Amazon-Bashing ist ja heutzutage ein recht beliebter Sport, und wenn man gewissen Kreisen glauben darf, dann ist Inhaber und Gründer Jeff Bezos niemand anderes als der Teufel persönlich. Wir wollen heute an dieser Stelle nicht klären, ob die vielen Vorwürfe gegen Amazon berechtigt sind. Aber ich möchte mit Ihnen teilen, was eine Managerin von Amazon Deutschland in München mir kürzlich erzählte. Sie sagte ungefähr folgendes: „Bei aller Kritik darf man nicht vergessen, dass bei allem, was wir tun, nur eine Frage im Vordergrund steht: Was nützt es dem Kunden?“. Dazu passt auch, was kürzlich im Magazin der Süddeutschen Zeitung in einem Artikel über den Amazon-Chef stand: „Bezos verkündete einmal, er habe mit seinem Management 141 Ziele vereinbart: 138 Produktziele und drei Finanzziele. Üblicherweise ist es umgekehrt: Konzerne stecken sich Finanzziele – Gewinne, Rendite, Dividende – und passen das Produkt darauf an“.

Der Konflikt wird auf dem Rücken des Kunden ausgetragen

Schauen wir uns unter diesem Gesichtspunkt nochmal die Strafmaßnahmen der Buchhandlung Ravensbuch an und fragen uns: Was nützt es dem Kunden? Die Antwort lautet: Nichts. Im Gegenteil, es schadet sogar dem Buchkäufer, der die Hintergründe wahrscheinlich gar nicht kennt. Er muss den Bestseller aus dem Bastei Lübbe Verlag jetzt aufwendig suchen, weil er nicht mehr vorne auf dem Bestseller-Tisch präsentiert wird. Er muss ein Buch jetzt bestellen, weil es die Buchhandlung nicht mehr auf Lager hat. Das bedeutet ein bis zwei Tage Wartezeit und noch mal vorbeikommen.
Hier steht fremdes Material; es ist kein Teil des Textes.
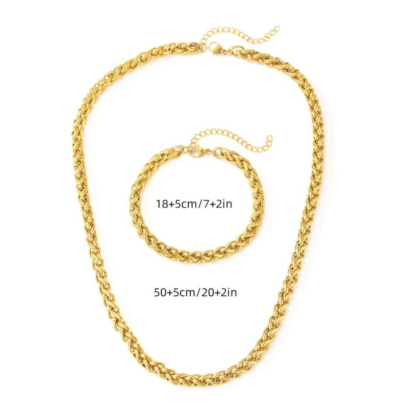 This set includes a stylish unisex necklace and bracelet crafted from stainless steel. The handwoven chain design makes it a versatile accessory for both men and women.

Ernsthaft, liebe Ravensbuch-Buchhandlung, das ist Eure Art, den Kampf gegen den Onlinehandel auszutragen? Mit Maßnahmen, die Euren Kunden Verdruss bringen und sie direkt in die Arme des gefürchteten Rivalen treiben?  Und das alles nur, um einen Verlag, der aus der Reihe tanzt, zu disziplinieren? Gestatten Sie mir die Frage: Seid Ihr eigentlich noch ganz bei Trost?

 

Vom Rivalen lernen

Bei aller Sympathie für den lokalen Handel, speziell für den Buchhandel: So wird der Kampf gegen den Online-Giganten nicht gewonnen werden können. Denn der Kunde entscheidet am Ende, und er wird sich nicht für den Händler entscheiden, der es ihm so schwer wie möglich macht. Und da bin ich ganz der Meinung von Klaus Kluge, dem Vorstand der Bastei Lübbe AG. In seinem Börsenblatt-Kommentar zur Illuminati-Affäre schreibt er: „Wo der Kauf stattfindet, wo sich der Kunde am besten aufgehoben fühlt, entscheidet allein er.“ Und wenn er sich für den stationären Buchhandel entscheiden soll, dann sollten die Buchhändler statt zu jammern und zu lamentieren vom Rivalen lernen, und den Kunden in den Mittelpunkt stellen. Das ist so schwer nicht.